A variety of unequal agreements and sanctions have led to the decline of Japan's five major semiconductor giants, including Fujitsu, NEC, Hitachi, Toshiba, and Mitsubishi, from prosperity to decline, ceding this potentially limitless market to the United States. In 1996, US semiconductors accounted for more than 30% of the global market share, while Japanese semiconductors accounted for less than 30%, and the gap between the two countries gradually widened.
In order to help Japanese domestic semiconductor manufacturers out of the predicament, Japanese companies have also made some self-rescue adjustments. In 1999, NEC and Hitachi each spun off their DRAM businesses to establish a new company, Elpida, and later the DRAM division of Mitsubishi Electric was also merged into Elpida, with the intention of competing against American DRAM companies.
However, at this time, Japanese companies were not only content with maintaining the status quo, but also had ambitious Japanese companies that were not willing to be ordinary. They planned to learn from Goujian's patience and perseverance, and through a bold bet, ascend to the throne of the semiconductor world once again.
The Birth and Embryo of the Cell Processor
In 2000, with the great success of the next-generation game console PS2 worldwide, SCE (Sony Computer Entertainment), which was in the limelight, began to prepare for the next generation of consoles. CEO Ken Kutaragi had a bold idea in his mind: could he collaborate with American companies to create a universal processor similar to Intel and PowerPC, which could not only be used in the next generation of consoles but also in other digital home appliances and even servers? If successful, SCE could completely dominate the console market, and winning the next decade would no longer be a dream.
Once this idea emerged, it took root in Ken Kutaragi's heart, changing the semiconductor market pattern, surpassing industry leader Intel... The various beautiful visions of the future seemed to be beckoning to SCE.In 2000, Sony Computer Entertainment (SCE), Toshiba, and IBM jointly signed an agreement to establish the STI consortium and set up the R&D center in Austin, Texas. The consortium agreed that during the next four-year R&D cycle, Sony would provide the budget, IBM would mainly be responsible for processor development, and Toshiba would be in charge of the production of subsequent processors and related storage chips.
This development took four or five years, with Sony investing billions of dollars in R&D funds, almost depleting the savings accumulated from the PS1 to PS2. However, the processor known as Cell was slow to emerge.
But this did not affect Sony's external promotion. In 2003, Ken Kutaragi said in an interview with the Japanese "PCWatch" column that a sufficient number of Cell processors connected in series could achieve or even exceed the performance of the "Earth Simulator" (Earth Simulator, a supercomputer made by NEC, which was one of the fastest computers in the world at the time).
A processor capable of simulating the Earth immediately aroused people's interest, and everyone turned their attention to Sony, wanting to see what was so extraordinary about this processor that could match supercomputers.

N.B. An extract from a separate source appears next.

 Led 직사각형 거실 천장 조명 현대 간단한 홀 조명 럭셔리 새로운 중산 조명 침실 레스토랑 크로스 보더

Fortunately, hard work pays off. In November 2004, IBM, Sony, Sony Computer Entertainment, and Toshiba first revealed some key concepts of the highly anticipated advanced microprocessor codenamed Cell, a microprocessor jointly developed by the four companies for new generation computing applications and digital consumer electronics.

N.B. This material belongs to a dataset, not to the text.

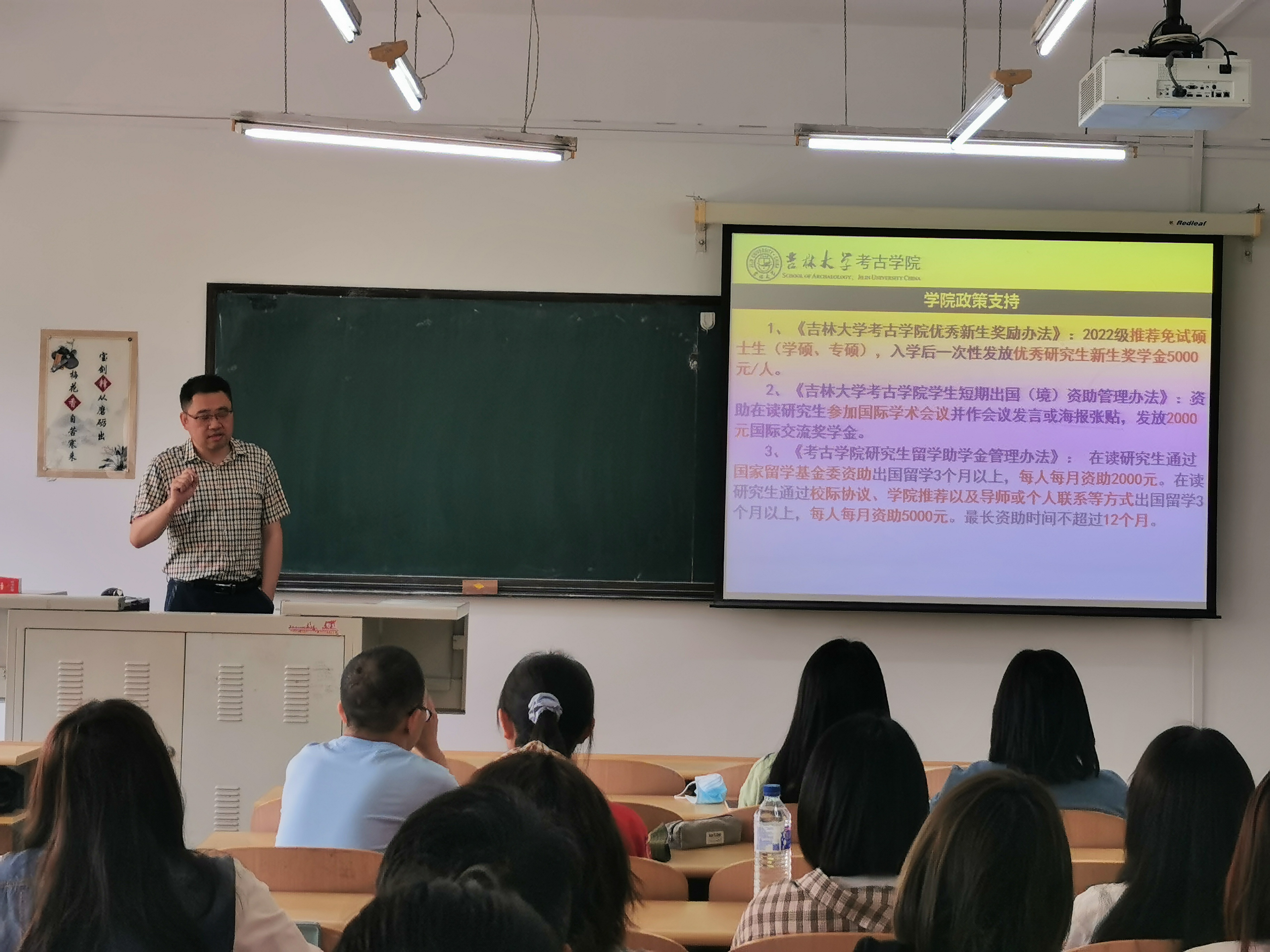 吳敬老師首先向到場(chǎng)同學(xué)發(fā)放了太陽(yáng)成集團(tuán)tyc151cc研究生招生宣傳冊(cè),然后結(jié)合實(shí)際情況,詳細(xì)介紹了吉大考古的發(fā)展歷程、研究生招生方向以及校院兩級(jí)獎(jiǎng)助政策,并向同學(xué)們進(jìn)一步闡釋了本校學(xué)生“選擇吉大,選擇的是人生;留在長(zhǎng)春,抓住的是未來(lái)”。吳敬老師希望同學(xué)們能夠在自身合理定位的基礎(chǔ)上,尋找到有效的學(xué)習(xí)方法,積極報(bào)考吉大考古。最后,吳敬老師和王春雪老師還對(duì)同學(xué)們關(guān)心的問(wèn)題進(jìn)行了細(xì)心的解答。

At the press conference, the four companies finally confirmed that Cell is a multi-core chip, including a 64-bit power processor core and multiple collaborative processor cores, capable of large-scale floating-point processing. It is optimized for compute-intensive and rich media broadband applications, including computer entertainment, movies, and other forms of digital content.
According to the press release, some of the main advantages of the Cell processor in design include:
- Multi-threading, multi-core structure
- Simultaneous support for multiple operating systems
- Abundant bidirectional bus bandwidth provided to the main memory and auxiliary chips (Companion Chips)Flexible On-Board I/O (Input/Output) Interface
Real-time Resource Management System for Real-Time Applications
On-Board Hardware Supporting Security Systems for Intelligent Intellectual Property Protection
Adopted 90-nanometer Silicon-on-Insulator (SOI) Technology
"A large and rich content, such as multi-channel high-definition broadcasting programs and millions of pixels of digital still/moving images captured by high-resolution CCD/CMOS imaging devices, requires a large-capacity real-time media processing function. In the future, all formats of digital content will be integrated together and integrated into broadband networks, thus starting an explosive growth." Sony's Executive Vice President and Chief Operating Officer, President and Group CEO of Sony Computer Entertainment, Ken Kutaragi, said, "To access and/or browse the vast content freely and in real-time, a more advanced graphical user interface in a three-dimensional environment will become 'key' in the future. To handle such a rich application, the current PC structure has reached its limit in both processing power and bus bandwidth."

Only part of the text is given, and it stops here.